# Need input on final choices for lighting a 40 gallon long tank



## art_t (Jun 8, 2008)

I'm running a "low tech" tank with no CO2. A very kind person on this forum recommended a good light option for me, and I'm very happy I listened to them. Right now I have 108 watts over my 75g aquarium and I can't believe how beatifully everything is growing in. Two of the bulbs are 5,500 k and one bulb is somewhere around 6,500k. I could bump my wattage up to 120, if I need to. I did add root tabs last week, which probably helps. In fact if this keeps up someday I may attempt a higher tech tank...someday.


----------



## comet (Jun 10, 2006)

Thanks for the reply. Since our tanks have different heights I'll have to wait for someone to reply that can help determine the lighting I need. 
You did give me the idea to switch out one of the T10s for a different bulb. I'll see what suggestions come back for me.
Thanks, and good luck with your tank. And yes, I agree, people here are amazingly nice.


----------



## Hoppy (Dec 24, 2005)

You could use a single 54 watt T5HO light, hanging about 6-8 inches above the tank, and you would likely have about the right amount of light for a non-CO2 tank. Don't even think about using two 54 watt T5HO bulbs! Since you don't want really high light, you don't have to look for really great reflectors either. If you find a single bulb fixture that has a more conventional flat polished reflector, instead of the typical clip on parabolic, highly polished aluminum reflector, that should work too, and might work when located right on top of the tank. I just noticed tonight that Catalina has "retrofit" kits, one, as I recall, is a single tube T5HO fixture. That could do it, if you can make a simple box-like housing for the kit.


----------



## comet (Jun 10, 2006)

*To Hoppy*

Hoppy, Thank you for the reply, but please reread my post. 
I already have a 48 inch double bulb light strip which can use different sized bulbs according to the mfg.

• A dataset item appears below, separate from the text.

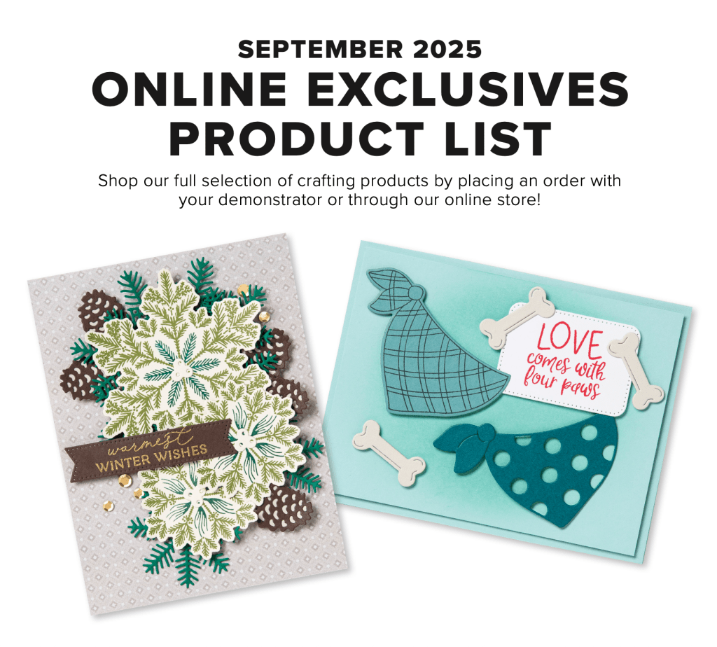 In this announcement, you will find links to download or browse the Mini and the Online Exclusive products. If you don’t want to browse the catalogues, I have also included two supply lists that contain all products offered in each with links to purchase them. Happy Shopping !

My questions were about whether or not to use the tube fluorescent bulbs. And what type if used, and would two 40W bulbs be too much.
Or to gut the fixture and add in spiral compact fluorescent bulbs to achieve the light level I'm looking for.

Your suggestions are always welcomed and appreciated. 
Thanks.


----------



## lauraleellbp (Feb 3, 2008)

You may already know this, but the smaller the diameter of the bulb, the more efficient it is. The smaller the # after the "T" the smaller the diameter of the bulb. T5HOs are currently one of the most efficient flourescent bulbs on the common market, and the latest technology.

I'd go with either T5, T5HO, or T8s, personally. If you've already got some fixtures that are compatible with T8 bulbs, that's the direction I'd lean. 

I'd shoot for around 80 watts of light with T8 bulbs, 100 watts with T10, or 60 watts with T5, 40 watts with T5HO (or as Hoppy suggested, one 54watt T5HO should work well).


----------



## comet (Jun 10, 2006)

Thanks Hoppy and lauraleellbp for taking the time to help!

I found out from Perfecto Mfg. that the two 48" 40W T10 Eclipse bulbs that came with the fixture are 5200K. 


So, I am looking to switch to Hagen's 40W *T8* Life-Glo 2 bulbs with a 6700K rating.


The manufacturer, Hagen, contacted me and said they have switched over this bulb from T10 to T8s recently.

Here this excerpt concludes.